## ASSIGNED TASK
Output the listing below verbatim, but drop the images.

## THE DATA
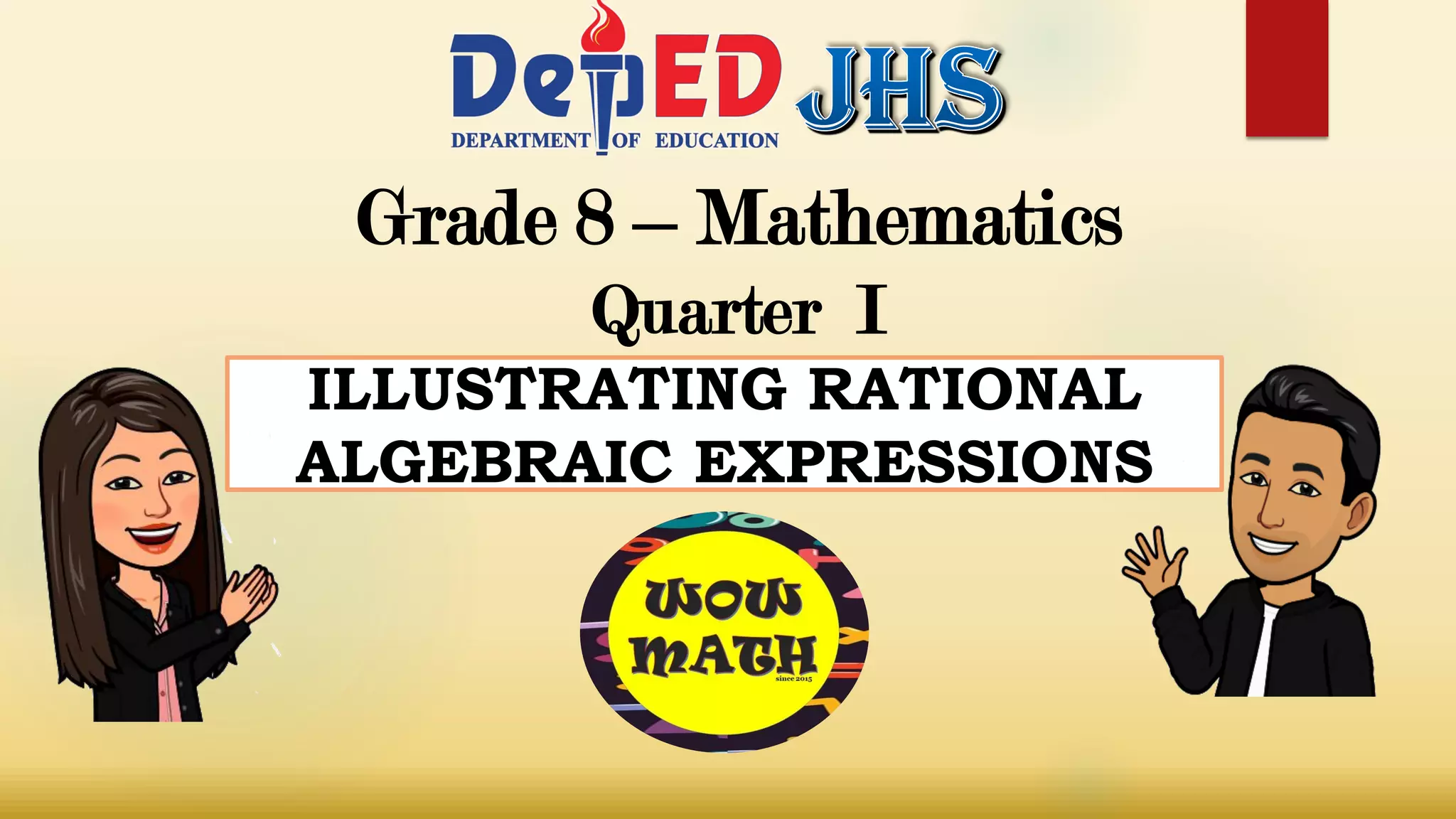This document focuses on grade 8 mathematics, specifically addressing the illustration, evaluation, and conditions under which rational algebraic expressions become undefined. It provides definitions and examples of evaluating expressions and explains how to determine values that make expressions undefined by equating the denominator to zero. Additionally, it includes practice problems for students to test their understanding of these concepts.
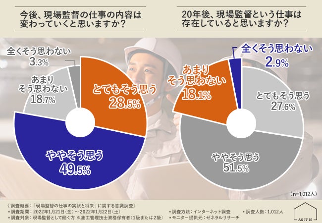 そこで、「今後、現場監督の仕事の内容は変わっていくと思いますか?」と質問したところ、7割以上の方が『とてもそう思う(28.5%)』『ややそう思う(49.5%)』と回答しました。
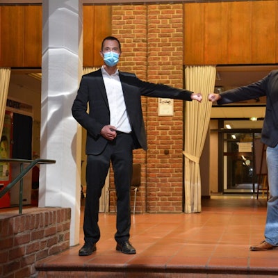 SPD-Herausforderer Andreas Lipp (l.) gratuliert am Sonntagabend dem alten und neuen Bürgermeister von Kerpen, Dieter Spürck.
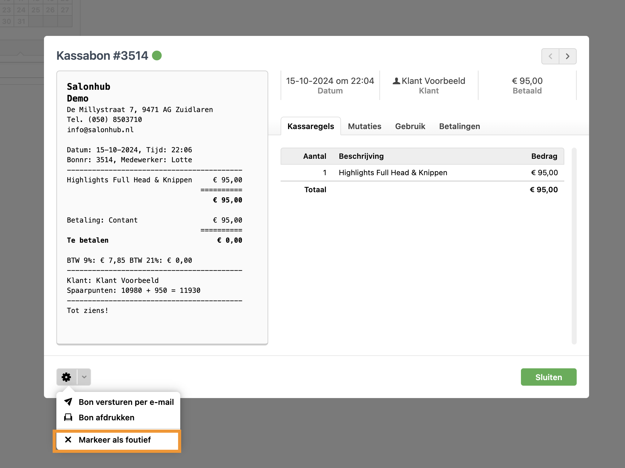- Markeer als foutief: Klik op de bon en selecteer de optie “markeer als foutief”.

## RESPONSE TO THE TASK
This document focuses on grade 8 mathematics, specifically addressing the illustration, evaluation, and conditions under which rational algebraic expressions become undefined. It provides definitions and examples of evaluating expressions and explains how to determine values that make expressions undefined by equating the denominator to zero. Additionally, it includes practice problems for students to test their understanding of these concepts.
 そこで、「今後、現場監督の仕事の内容は変わっていくと思いますか?」と質問したところ、7割以上の方が『とてもそう思う(28.5%)』『ややそう思う(49.5%)』と回答しました。
 SPD-Herausforderer Andreas Lipp (l.) gratuliert am Sonntagabend dem alten und neuen Bürgermeister von Kerpen, Dieter Spürck.
- Markeer als foutief: Klik op de bon en selecteer de optie “markeer als foutief”.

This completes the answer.